* TASK DIRECTIONS *
What you submit must be an exact copy of the listing below, with no images in it.

++++ DATA SECTION

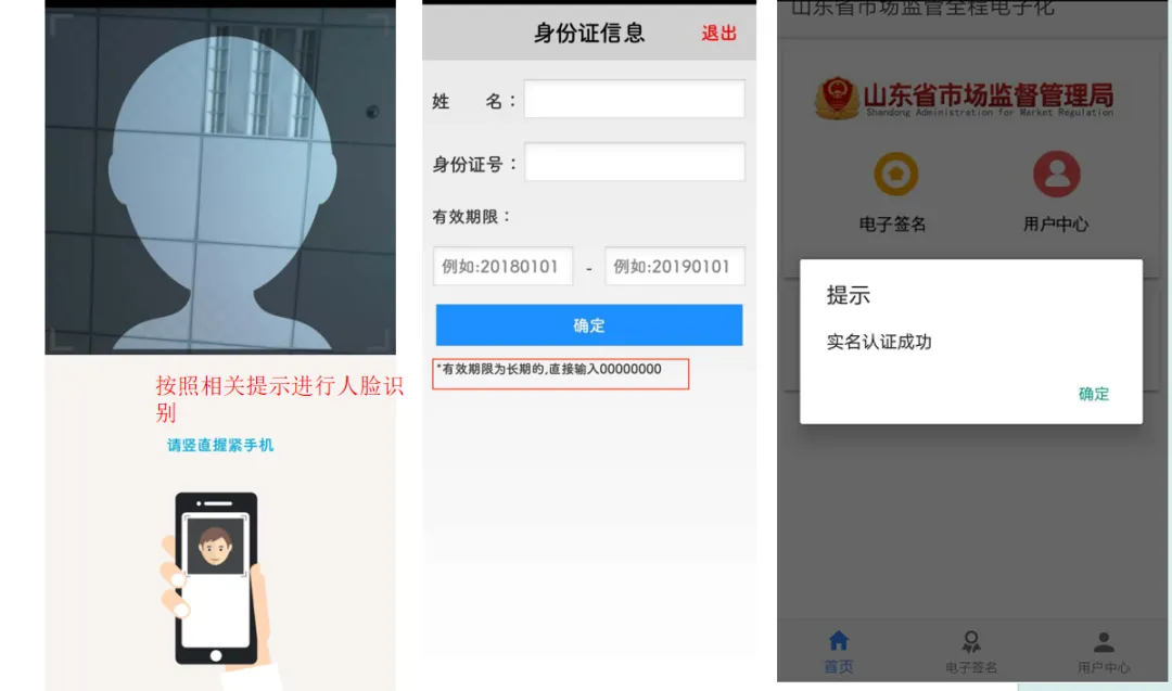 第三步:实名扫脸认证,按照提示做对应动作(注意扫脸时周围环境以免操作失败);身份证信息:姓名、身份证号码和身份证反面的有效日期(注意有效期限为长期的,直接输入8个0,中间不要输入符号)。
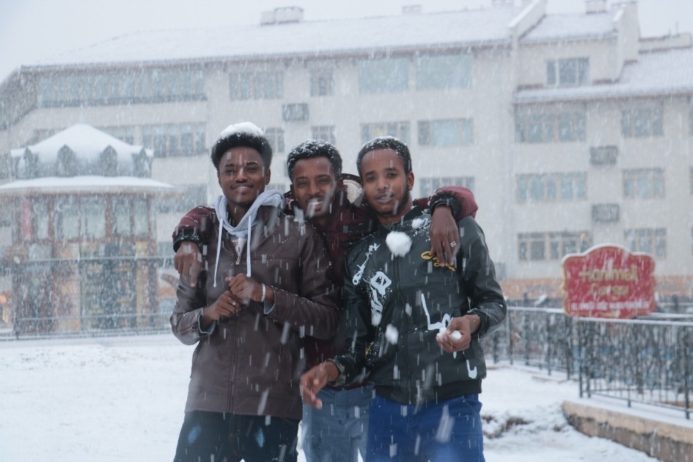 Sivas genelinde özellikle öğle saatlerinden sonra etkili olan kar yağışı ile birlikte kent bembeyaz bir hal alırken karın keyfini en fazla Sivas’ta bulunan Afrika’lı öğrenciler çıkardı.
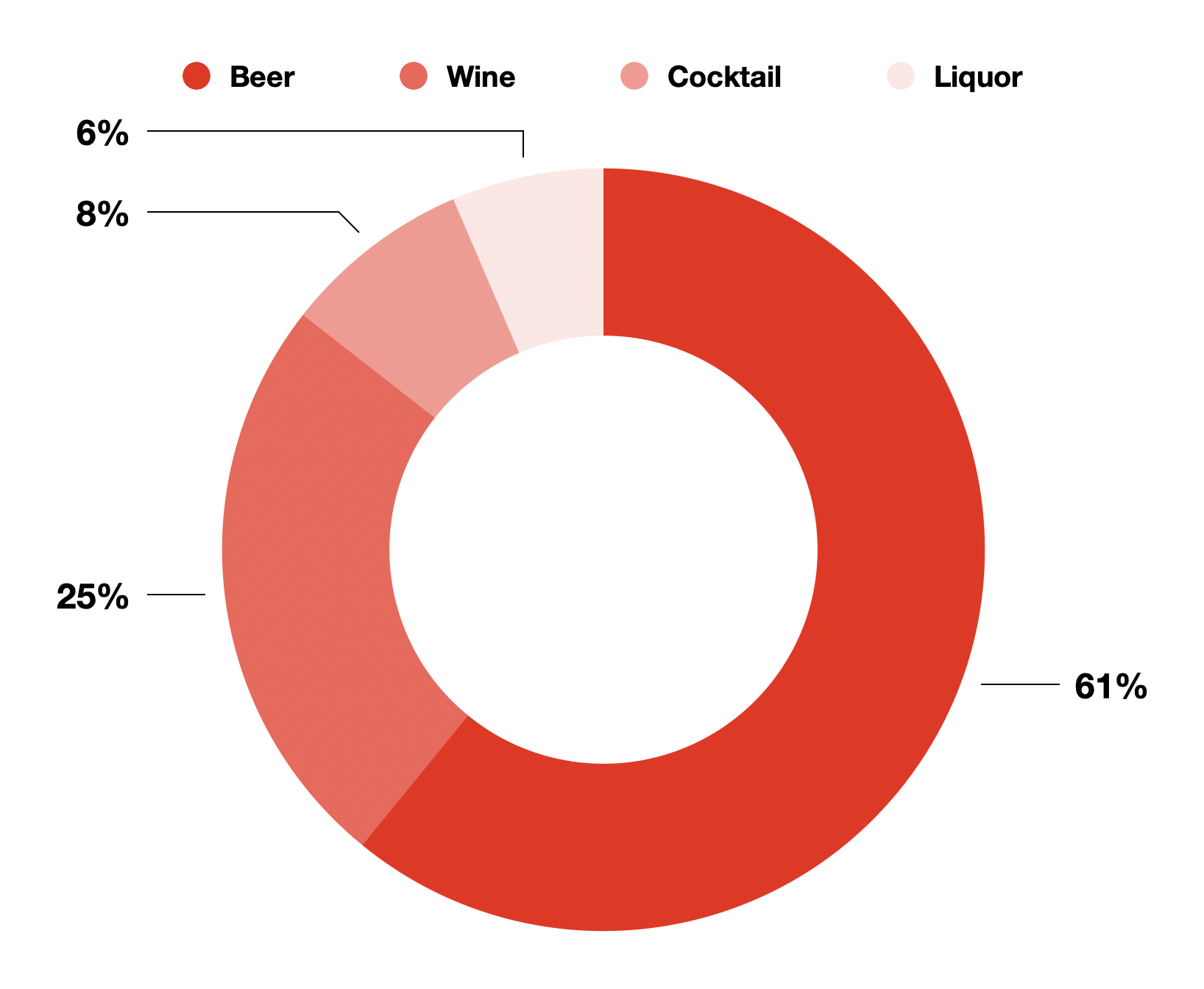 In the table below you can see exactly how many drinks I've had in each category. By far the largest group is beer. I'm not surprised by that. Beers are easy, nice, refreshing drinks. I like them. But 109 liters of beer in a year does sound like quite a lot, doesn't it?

++++++++

* OUTPUT OF THE TASK *
 第三步:实名扫脸认证,按照提示做对应动作(注意扫脸时周围环境以免操作失败);身份证信息:姓名、身份证号码和身份证反面的有效日期(注意有效期限为长期的,直接输入8个0,中间不要输入符号)。
 Sivas genelinde özellikle öğle saatlerinden sonra etkili olan kar yağışı ile birlikte kent bembeyaz bir hal alırken karın keyfini en fazla Sivas’ta bulunan Afrika’lı öğrenciler çıkardı.
 In the table below you can see exactly how many drinks I've had in each category. By far the largest group is beer. I'm not surprised by that. Beers are easy, nice, refreshing drinks. I like them. But 109 liters of beer in a year does sound like quite a lot, doesn't it?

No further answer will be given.